P.S. If you want a good way of avoiding SPAM, try running it though a gmail account, their free and can fetch you email for any other accounts and collect in one nicely ordered place. Believe me it works, being a web-developer I have upwards of 30 email accounts for different clients, servers etc. and my SPAM folder gets around 900,000 real spam entries a month which are deleted automatically after 30 days; though my inbox rarely has one in the same period.

Dave Gorman said...

@Gary Thanks for this... but it raises as many questions as it tries to answer.

If it is spear-phishing and they're after a particular D Gorman who's a CPA, surely they'd be able to look him up and find his actual email address.

That would be far easier than sending thousands of emails to thousands of might-bes.

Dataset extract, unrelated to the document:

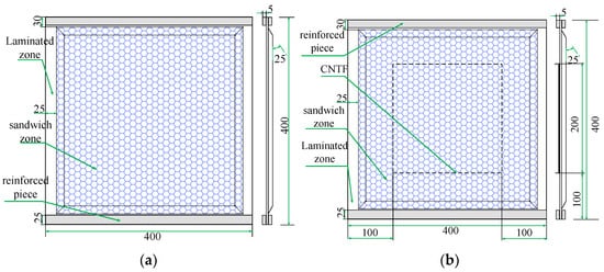 When preparing specimens, first, a square CNTF was laid at the center of the carbon fiber preimpregnated cloth (this step can be ignored for unprotected specimens). Then, the carbon fiber preimpregnated cloth, epoxy resin adhesive film and honeycomb core material were laid in a certain sequence and encapsulated together into a vacuum bag. Finally, the specimens were cured and formed under 180 °C and 340 kPa. After curing, the specimens were taken out and machined, and the final specimens are shown in Figure 5.

Why would they take the more difficult scatter-gun approach if their target is a specific, findable individual.

But let's assume they're scattergunning in an attempt to hit the one D Gorman they're after... surely the right thing to do then would be to send all the D Gormans they can find one version of the email and see if they get a response. If they don't get one, try another version of the email... and so on.

Instead they chose to send multiple variations of the same email at the same time. So multiple copies arrive in my inbox together. They're contradictory. Someone who might fall for one will have alarm bells ringing when they see four and realise they're different and couldn't all be legit.

And the question as to why criminals who are sophisticated enough to create these emails are not smart enough to get someone who has English as a first language to write them.

If it's spear-phishing as you suggest they're doing everything they can to make it as ineffective as possible.